| REQUIRED WORK |
From the listing below, please restate exactly the lines beginning at the one with "Qazqa Design Wall" and ending at the one with "高潜力国家:目前制造业基础有", both included, and skip the pictures.

============================================================

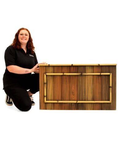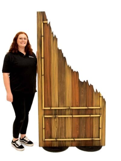 Art Deco & Glamour installs add metallic shine and luxe style. Showcase the Art Deco Backdrop – Black & Gold or the Ribbed Velvet Wall Panel – Teal Velvet. Layer in Shimmer Panel – Iridescent or Vintage Chevron Wall Panel for high-impact photo zones. Pair these flats with Art Deco Fence Panels and discover matching elements under Fences.
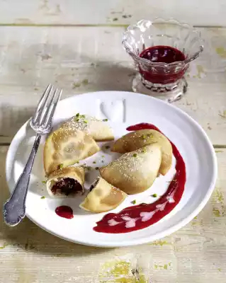 Stuffed Ravioli With Dried Fruits And Almonds With Raspberry Puree
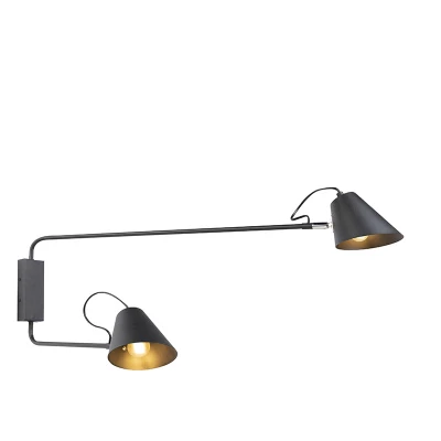 Qazqa Design Wall Lamp I Light Black 2 Adjustable Lune Retro Suitable for LED E27 Steel Living Room Kitchen Bedroom
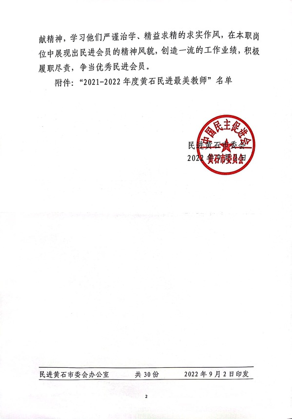 本网讯 近日,中国民主促进会黄石委员会决定,对在教育事业中做出突出贡献的教育界会员进行了表彰,TIANKONG.COM_天空(中国)黄蓓佳同志荣获“2021-2022年度黄石民进最美教师”荣誉称号。
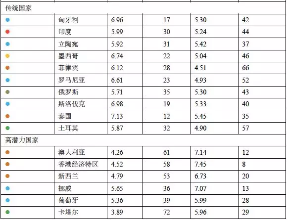 高潜力国家:目前制造业基础有限,在制造业驱动因素方面得分较高,表明其存在制造业发展潜力,但取决于国民经济优先发展次序。(7个,如澳大利亚、挪威、新西兰等)
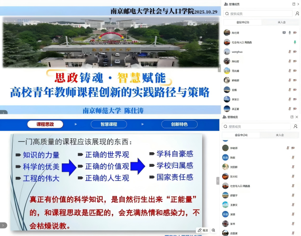 2025年10月29日,学院举办第七期“金讲台”教师育人能力提升系列沙龙活动。本次沙龙以“思政铸魂·智慧赋能——高校青年教师课程创新的实践路径与策略”为主题,特邀南京师范大学地理科学学院陈仕涛教授作专题讲解,活动由ylzz总站线路检测、社会工作学院副院长周晶晶主持,“课程思政”教学竞赛团队成员、督导组成员、各系主任、青年教师积极参与。

============================================================

| RESPONSE TO THIS TASK |
 Qazqa Design Wall Lamp I Light Black 2 Adjustable Lune Retro Suitable for LED E27 Steel Living Room Kitchen Bedroom
 本网讯 近日,中国民主促进会黄石委员会决定,对在教育事业中做出突出贡献的教育界会员进行了表彰,TIANKONG.COM_天空(中国)黄蓓佳同志荣获“2021-2022年度黄石民进最美教师”荣誉称号。
 高潜力国家:目前制造业基础有限,在制造业驱动因素方面得分较高,表明其存在制造业发展潜力,但取决于国民经济优先发展次序。(7个,如澳大利亚、挪威、新西兰等)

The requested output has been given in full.